Donald Trump won the election. That's a fact. But since then, Trump, his supporters and even some pundits are making various claims about his victory that aren't true, starting with his Orwellian assertions to have won in a landslide or even recording "one of the biggest Electoral College victories in history."
Here are a few other real facts about the president-elect, the election and public opinion.
1. With almost all ballots finally counted, Hillary Clinton won the "popular" vote -- that is, the total number of votes cast -- by more than 2.8 million, about a 2.1 per cent edge over Trump's tally. This is a larger gap than the one in the 2000 election, when Al Gore won about a half-million votes more than George W. Bush did.
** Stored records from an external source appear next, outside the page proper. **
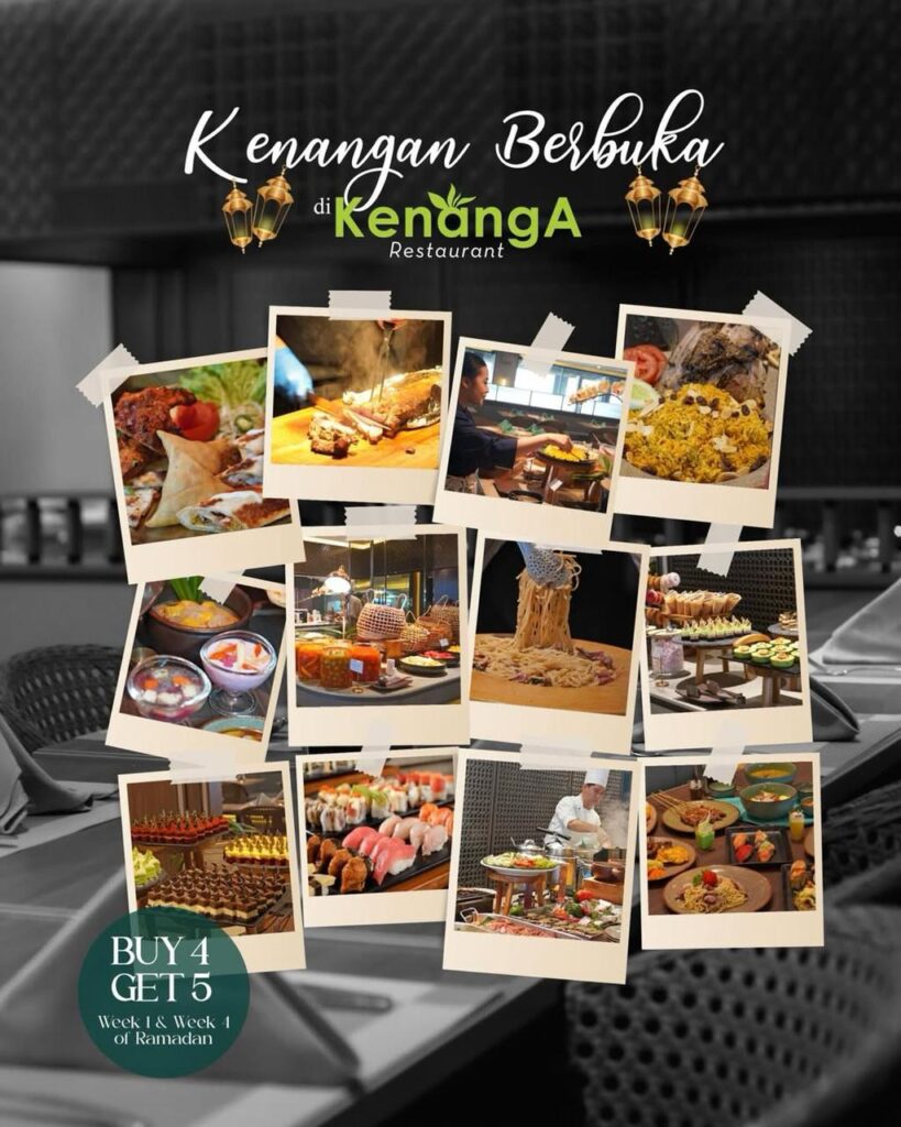 Mengusung konsep All You Can Eat Buffet, Kenanga Restaurant menyajikan beragam pilihan menu mulai dari takjil tradisional, hidangan utama khas Nusantara dan internasional, live cooking station yang disajikan langsung dari dapur, hingga aneka dessert penutup. Ragam sajian ini melengkapi suasana berbuka bersama keluarga, kolega, maupun sahabat dalam ambience restoran yang nyaman.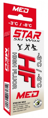 Star HF MED - HIGH FLUOR 60 G. Парафины серии "HF" (High Fluor), с высоким содержанием фторокерамики, гарантируют наилучшее скольжение при влажности воздуха 60 - 90% в условиях нового снега.… Бренд: Star Сезон: 2020/2021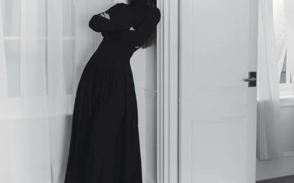 ชุดเดรส Lisette จากแบรนด์ Khaite ผลิตจากผ้าขนสัตว์เมริโนเนื้อละเอียดสีดำ ราคา 5,400 ดอลลาร์ รองเท้าบูทหนังสีเทาอ่อนสูงถึงเข่าจากแบรนด์ Willow ราคา 2,500 ดอลลาร์ ต่างหู Sunlight จาก...

John Kennedy in 1960, Richard Nixon in 1968 and Jimmy Carter in 1976 were each elected president with a smaller percentage lead in total votes cast than Clinton's lead over Trump. In 2004, Bush beat John Kerry by only 2.5 pe rcent of the vote.
No, winning the popular vote doesn't have any legal standing at all. We shouldn't pretend otherwise. But it does mean that claiming the voters were demanding Trump or the programs he favoured is dubious at best.
2. Trump's Electoral College margin, 306 to 232, was below the average spread. Nate Silver has the details at the FiveThirtyEight website, ranking Trump's victory eighth out of the last 10 elections. A uniform 1 per cent swing to Clinton would have given her Michigan, Pennsylvania and Wisconsin, and the presidency. Trump won those three crucial states by a total of less than 80,000 votes.